Search the material below for "their" and copy every line where it occurs.
▼
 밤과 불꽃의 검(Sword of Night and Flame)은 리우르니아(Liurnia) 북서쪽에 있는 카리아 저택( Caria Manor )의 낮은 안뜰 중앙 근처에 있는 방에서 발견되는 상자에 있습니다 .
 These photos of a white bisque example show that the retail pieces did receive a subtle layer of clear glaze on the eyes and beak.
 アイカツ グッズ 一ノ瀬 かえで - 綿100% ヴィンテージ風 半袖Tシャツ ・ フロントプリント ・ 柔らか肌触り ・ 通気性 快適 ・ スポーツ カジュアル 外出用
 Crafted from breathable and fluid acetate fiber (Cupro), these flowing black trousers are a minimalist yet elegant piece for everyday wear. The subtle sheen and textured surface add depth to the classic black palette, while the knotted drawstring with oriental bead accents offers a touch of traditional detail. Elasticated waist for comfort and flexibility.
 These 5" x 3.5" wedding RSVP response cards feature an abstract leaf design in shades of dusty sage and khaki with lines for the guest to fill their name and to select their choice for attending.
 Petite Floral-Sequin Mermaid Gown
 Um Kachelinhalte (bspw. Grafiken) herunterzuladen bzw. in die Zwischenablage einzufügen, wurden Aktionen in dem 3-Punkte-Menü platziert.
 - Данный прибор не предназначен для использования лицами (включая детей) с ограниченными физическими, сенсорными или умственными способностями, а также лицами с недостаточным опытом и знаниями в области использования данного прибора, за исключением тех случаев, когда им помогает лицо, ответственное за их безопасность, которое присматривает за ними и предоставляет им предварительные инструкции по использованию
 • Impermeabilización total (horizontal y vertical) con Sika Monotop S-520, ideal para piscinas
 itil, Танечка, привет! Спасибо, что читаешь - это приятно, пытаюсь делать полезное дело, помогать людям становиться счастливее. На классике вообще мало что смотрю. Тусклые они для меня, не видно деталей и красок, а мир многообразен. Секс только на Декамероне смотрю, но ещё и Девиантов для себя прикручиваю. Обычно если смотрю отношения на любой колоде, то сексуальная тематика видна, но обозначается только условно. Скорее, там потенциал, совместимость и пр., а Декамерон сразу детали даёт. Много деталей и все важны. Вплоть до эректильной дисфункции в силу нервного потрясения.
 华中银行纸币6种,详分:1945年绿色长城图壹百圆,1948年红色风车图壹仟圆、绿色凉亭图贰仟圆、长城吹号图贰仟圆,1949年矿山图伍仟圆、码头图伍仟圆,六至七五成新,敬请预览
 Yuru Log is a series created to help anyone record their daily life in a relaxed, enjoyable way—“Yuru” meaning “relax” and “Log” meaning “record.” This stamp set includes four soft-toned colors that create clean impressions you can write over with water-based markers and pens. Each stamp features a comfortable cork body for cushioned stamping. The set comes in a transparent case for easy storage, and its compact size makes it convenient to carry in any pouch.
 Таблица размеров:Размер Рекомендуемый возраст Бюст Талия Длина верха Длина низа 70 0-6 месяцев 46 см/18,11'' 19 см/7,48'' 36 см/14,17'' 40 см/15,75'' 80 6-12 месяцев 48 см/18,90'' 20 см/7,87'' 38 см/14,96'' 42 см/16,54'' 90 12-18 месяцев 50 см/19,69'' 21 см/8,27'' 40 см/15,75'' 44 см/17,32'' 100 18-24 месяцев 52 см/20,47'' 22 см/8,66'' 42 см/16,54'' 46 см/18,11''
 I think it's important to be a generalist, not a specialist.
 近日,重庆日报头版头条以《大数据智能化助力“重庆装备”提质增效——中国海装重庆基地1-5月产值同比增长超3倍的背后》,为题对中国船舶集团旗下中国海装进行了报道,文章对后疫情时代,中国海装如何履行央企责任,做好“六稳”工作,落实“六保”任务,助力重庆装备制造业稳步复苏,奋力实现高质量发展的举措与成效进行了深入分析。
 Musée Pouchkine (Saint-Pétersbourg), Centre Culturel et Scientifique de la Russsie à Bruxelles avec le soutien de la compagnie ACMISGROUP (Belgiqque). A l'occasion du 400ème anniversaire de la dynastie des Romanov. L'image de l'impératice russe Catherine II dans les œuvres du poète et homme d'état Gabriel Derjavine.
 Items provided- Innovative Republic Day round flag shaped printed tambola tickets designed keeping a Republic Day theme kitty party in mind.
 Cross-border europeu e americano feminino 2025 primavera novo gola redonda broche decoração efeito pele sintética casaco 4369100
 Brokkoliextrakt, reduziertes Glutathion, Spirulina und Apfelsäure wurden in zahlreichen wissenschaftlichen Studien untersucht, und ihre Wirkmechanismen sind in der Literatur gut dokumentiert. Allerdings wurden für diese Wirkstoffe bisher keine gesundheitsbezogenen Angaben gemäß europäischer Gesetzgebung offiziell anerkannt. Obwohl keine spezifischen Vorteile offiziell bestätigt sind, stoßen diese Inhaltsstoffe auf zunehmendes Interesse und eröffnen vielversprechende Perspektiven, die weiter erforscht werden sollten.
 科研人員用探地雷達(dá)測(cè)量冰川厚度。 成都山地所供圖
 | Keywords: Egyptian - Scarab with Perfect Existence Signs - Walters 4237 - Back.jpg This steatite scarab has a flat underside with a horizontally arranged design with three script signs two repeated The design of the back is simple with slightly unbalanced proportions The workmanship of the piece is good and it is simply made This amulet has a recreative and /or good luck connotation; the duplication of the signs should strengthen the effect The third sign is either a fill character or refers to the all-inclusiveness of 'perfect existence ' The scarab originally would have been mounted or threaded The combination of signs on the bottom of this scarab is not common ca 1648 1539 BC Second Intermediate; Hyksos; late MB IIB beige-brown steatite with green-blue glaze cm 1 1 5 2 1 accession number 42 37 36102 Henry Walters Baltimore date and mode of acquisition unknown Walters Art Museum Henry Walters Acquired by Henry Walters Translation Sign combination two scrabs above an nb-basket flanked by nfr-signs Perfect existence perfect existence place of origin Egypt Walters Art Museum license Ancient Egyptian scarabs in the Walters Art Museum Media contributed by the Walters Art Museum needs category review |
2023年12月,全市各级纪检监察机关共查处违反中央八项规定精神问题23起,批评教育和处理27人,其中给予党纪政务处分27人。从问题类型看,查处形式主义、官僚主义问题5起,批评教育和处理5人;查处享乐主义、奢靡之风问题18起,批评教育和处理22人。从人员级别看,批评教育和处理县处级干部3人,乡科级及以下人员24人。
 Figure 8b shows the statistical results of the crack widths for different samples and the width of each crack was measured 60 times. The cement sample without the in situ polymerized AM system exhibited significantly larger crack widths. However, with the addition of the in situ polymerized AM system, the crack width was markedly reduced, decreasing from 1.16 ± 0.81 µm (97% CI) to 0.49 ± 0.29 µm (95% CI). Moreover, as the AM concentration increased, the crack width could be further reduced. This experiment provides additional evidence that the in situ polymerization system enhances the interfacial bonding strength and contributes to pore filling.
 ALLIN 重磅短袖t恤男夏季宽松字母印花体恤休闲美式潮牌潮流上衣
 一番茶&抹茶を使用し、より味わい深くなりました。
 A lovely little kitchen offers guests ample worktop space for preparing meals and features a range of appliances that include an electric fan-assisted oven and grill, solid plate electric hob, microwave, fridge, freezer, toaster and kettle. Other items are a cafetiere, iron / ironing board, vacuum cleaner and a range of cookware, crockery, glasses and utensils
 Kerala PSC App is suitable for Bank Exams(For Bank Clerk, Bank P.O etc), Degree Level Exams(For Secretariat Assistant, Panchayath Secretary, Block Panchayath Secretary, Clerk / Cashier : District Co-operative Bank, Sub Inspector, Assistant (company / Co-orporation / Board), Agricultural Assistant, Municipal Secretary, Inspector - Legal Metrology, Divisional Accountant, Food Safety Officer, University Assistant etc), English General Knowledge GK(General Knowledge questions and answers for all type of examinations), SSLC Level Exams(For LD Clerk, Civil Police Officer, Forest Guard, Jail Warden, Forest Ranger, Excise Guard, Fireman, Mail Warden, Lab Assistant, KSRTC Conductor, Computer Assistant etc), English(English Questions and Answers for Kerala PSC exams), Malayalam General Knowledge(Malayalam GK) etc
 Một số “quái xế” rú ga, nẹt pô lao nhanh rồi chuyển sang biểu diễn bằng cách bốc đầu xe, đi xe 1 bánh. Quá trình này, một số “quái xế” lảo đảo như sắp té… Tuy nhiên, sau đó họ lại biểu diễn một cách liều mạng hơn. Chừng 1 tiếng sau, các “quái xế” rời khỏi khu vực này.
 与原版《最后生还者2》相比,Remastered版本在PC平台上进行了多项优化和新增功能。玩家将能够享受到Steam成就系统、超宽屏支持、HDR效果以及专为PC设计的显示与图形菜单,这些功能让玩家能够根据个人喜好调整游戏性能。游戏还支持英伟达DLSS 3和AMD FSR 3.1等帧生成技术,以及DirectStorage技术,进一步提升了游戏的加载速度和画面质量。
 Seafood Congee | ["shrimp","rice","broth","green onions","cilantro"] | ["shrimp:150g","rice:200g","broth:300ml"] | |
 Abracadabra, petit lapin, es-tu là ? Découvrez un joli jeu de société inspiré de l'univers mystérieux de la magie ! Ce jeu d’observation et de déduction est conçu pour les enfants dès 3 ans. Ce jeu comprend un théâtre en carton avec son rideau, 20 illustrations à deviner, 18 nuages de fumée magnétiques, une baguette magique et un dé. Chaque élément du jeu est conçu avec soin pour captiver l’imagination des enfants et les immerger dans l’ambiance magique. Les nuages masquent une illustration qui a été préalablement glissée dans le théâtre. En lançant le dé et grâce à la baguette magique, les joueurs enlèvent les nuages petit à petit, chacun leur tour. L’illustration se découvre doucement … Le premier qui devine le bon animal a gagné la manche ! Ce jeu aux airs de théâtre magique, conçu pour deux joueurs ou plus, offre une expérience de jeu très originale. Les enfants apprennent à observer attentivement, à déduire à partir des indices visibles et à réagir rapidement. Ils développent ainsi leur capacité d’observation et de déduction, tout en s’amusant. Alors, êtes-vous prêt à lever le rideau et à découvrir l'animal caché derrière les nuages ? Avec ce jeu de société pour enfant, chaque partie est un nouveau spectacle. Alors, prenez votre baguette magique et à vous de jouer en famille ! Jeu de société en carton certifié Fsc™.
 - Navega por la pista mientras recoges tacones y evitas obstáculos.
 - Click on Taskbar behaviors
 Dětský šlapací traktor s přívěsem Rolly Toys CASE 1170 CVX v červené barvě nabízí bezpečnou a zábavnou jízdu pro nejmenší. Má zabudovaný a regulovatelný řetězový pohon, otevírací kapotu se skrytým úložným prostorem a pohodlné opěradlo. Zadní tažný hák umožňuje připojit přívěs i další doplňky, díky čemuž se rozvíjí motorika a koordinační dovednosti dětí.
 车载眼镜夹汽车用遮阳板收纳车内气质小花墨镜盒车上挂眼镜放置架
▲
**ANSWER SECTION**
 These 5" x 3.5" wedding RSVP response cards feature an abstract leaf design in shades of dusty sage and khaki with lines for the guest to fill their name and to select their choice for attending.
 Yuru Log is a series created to help anyone record their daily life in a relaxed, enjoyable way—“Yuru” meaning “relax” and “Log” meaning “record.” This stamp set includes four soft-toned colors that create clean impressions you can write over with water-based markers and pens. Each stamp features a comfortable cork body for cushioned stamping. The set comes in a transparent case for easy storage, and its compact size makes it convenient to carry in any pouch.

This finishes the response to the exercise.